- What you need to do -
Your answer must be the exact lines of the listing below that run from the line with "[Lucca : la" to the line with "AI Generated Image.", ends included, and no pictures.

- Exercise input -

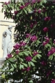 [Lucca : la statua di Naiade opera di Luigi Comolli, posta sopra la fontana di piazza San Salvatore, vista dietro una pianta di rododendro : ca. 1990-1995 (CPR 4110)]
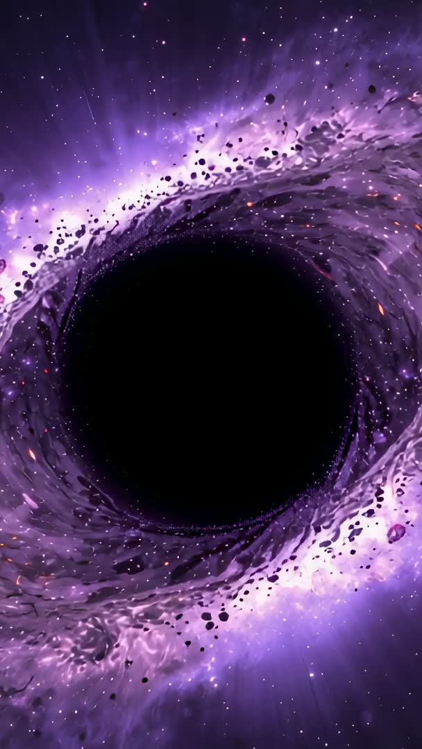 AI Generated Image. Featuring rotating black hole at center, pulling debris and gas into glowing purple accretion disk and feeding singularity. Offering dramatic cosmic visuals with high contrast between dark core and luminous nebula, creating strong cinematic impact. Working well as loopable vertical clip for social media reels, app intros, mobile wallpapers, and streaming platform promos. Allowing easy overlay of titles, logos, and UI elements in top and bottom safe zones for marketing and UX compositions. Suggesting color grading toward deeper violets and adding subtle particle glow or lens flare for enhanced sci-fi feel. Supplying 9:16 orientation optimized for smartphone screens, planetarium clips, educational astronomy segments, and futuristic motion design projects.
...
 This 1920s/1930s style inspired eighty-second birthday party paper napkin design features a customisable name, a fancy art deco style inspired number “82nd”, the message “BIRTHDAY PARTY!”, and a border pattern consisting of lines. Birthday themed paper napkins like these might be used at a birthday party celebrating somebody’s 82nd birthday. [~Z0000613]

- Response to the task -
 [Lucca : la statua di Naiade opera di Luigi Comolli, posta sopra la fontana di piazza San Salvatore, vista dietro una pianta di rododendro : ca. 1990-1995 (CPR 4110)]
 AI Generated Image. Featuring rotating black hole at center, pulling debris and gas into glowing purple accretion disk and feeding singularity. Offering dramatic cosmic visuals with high contrast between dark core and luminous nebula, creating strong cinematic impact. Working well as loopable vertical clip for social media reels, app intros, mobile wallpapers, and streaming platform promos. Allowing easy overlay of titles, logos, and UI elements in top and bottom safe zones for marketing and UX compositions. Suggesting color grading toward deeper violets and adding subtle particle glow or lens flare for enhanced sci-fi feel. Supplying 9:16 orientation optimized for smartphone screens, planetarium clips, educational astronomy segments, and futuristic motion design projects.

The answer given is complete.